Please give three pieces of advice to the young science or tech person who wants to understand more about the potential of video as a tool for science communication.
Consider that YouTube science channels such as Vsauce have tens of millions of subscribers and most of the videos there have far more than a million views. So in principle huge audiences could be reached via such channels and we are still in the early days of digital science communication. So why not watch some science videos yourself, for instance by Brady Haran or from The SciShow. You might be inspired to do somethings similar or something even better. If not you might still learn a thing or two or find some suitable clips you can use if you are teaching. In the long run you might also consider making a webvideo about your research yourself or with your teammates. Today an average smartphone will do to shoot, edit, upload and of course watch webvideos. What counts more than technical brilliance is a smart idea and your authenticity.
Using webvideo platforms such as YouTube also allows for direct interactions with various audiences. In this sense they provide an interesting and fruitful space for publicly engaging with science and technology. This means once a webvideo is uploaded there is still more to do.
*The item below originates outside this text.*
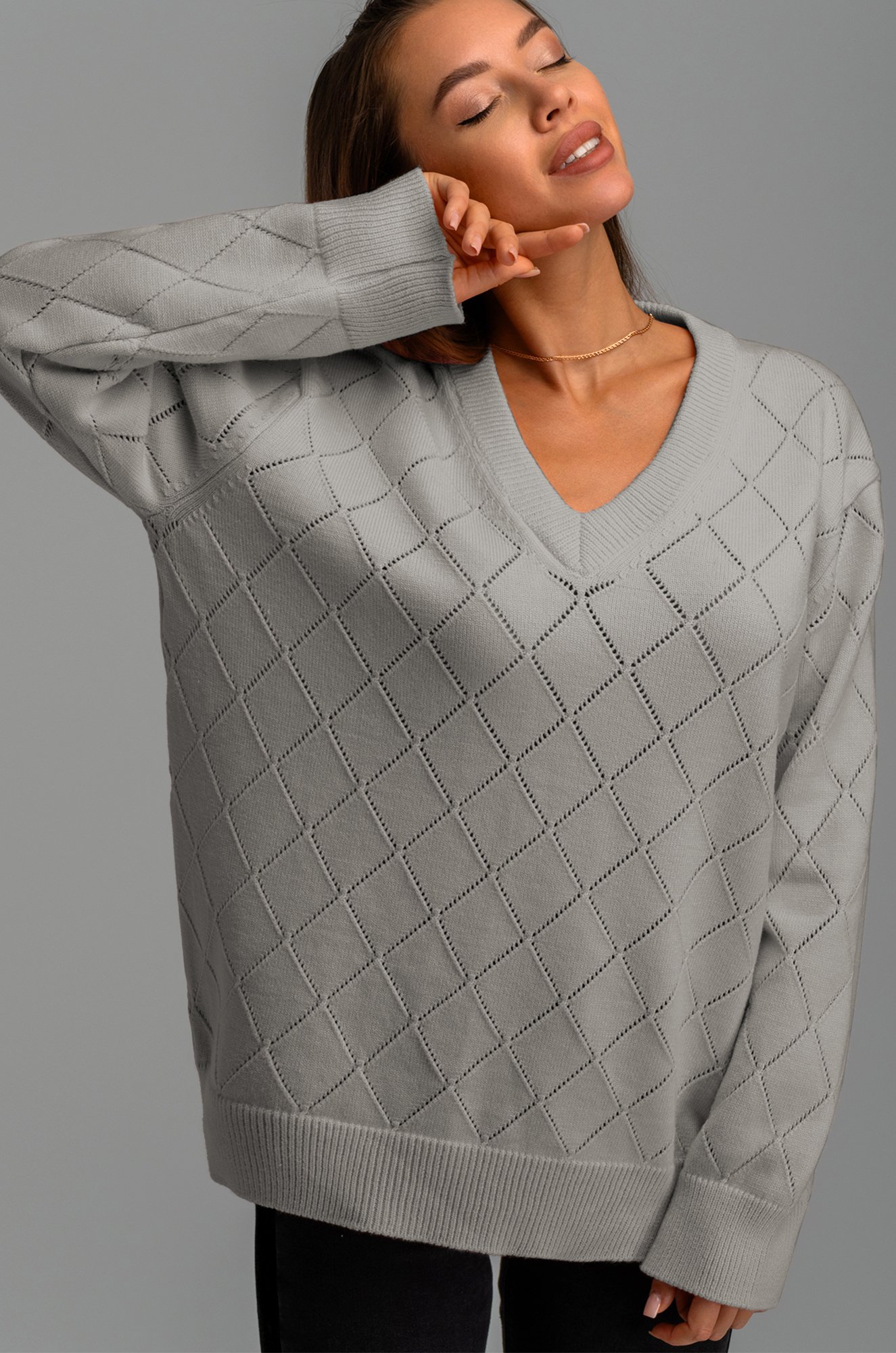 Откройте для себя уют и изысканность с женским джемпером светло-серого цвета. Ажурная вязка с ромбами и выразительный V-образный вырез делают этот свитшот идеальным выбором для тех, кто ценит простоту и комфорт в своем гардеробе.

Reading and replying to the comments of the viewers is a very valuable opportunity for public exchanges about science and research. It can also be fun and it is a great way of sharing your knowledge with interested members of the public. The webvideo format makes direct interactions with audiences possible, something that is still quite new and was not possible in this scale in the heyday of television. Very successful YouTubers are always very attentive to the inputs and comments provided by their social online communities.
However, where there is light there is also shadow. In my current research I am studying what kind of information you find when you are looking for science and technology topics on sites such as YouTube. As mentioned before you can find wonderful examples of innovative science communication, but you will also find heavily biased information coupled with financial interests or straightforward pseudoscience, miracle cures or conspiracy theories about science and technology. There is no quality control taking place on YouTube and you will also find lots of contents which are worlds apart from scientific consensus views. The problem is that many people do get informed about science, research and technology on such sites as YouTube and these biased results are likely to pop up as well when people are looking for information about science and tech, because they have often been tagged as such. In this sense I’d like to encourage every young science or tech person to have a look at what they find in their area of expertise on sites such as YouTube. If you spot something that is totally outrageous maybe you want to put things right in the comments or even think about posting a video reply. If you as an expert in your field won’t do this who else should be doing it then? If you don’t find anything at all that might also be an opportunity to be the first who explains or addresses the topic publicly in this popular format. In this sense it would be one possibility to bring science back into society and to provide a foundation for fruitful public discussions about your research topic.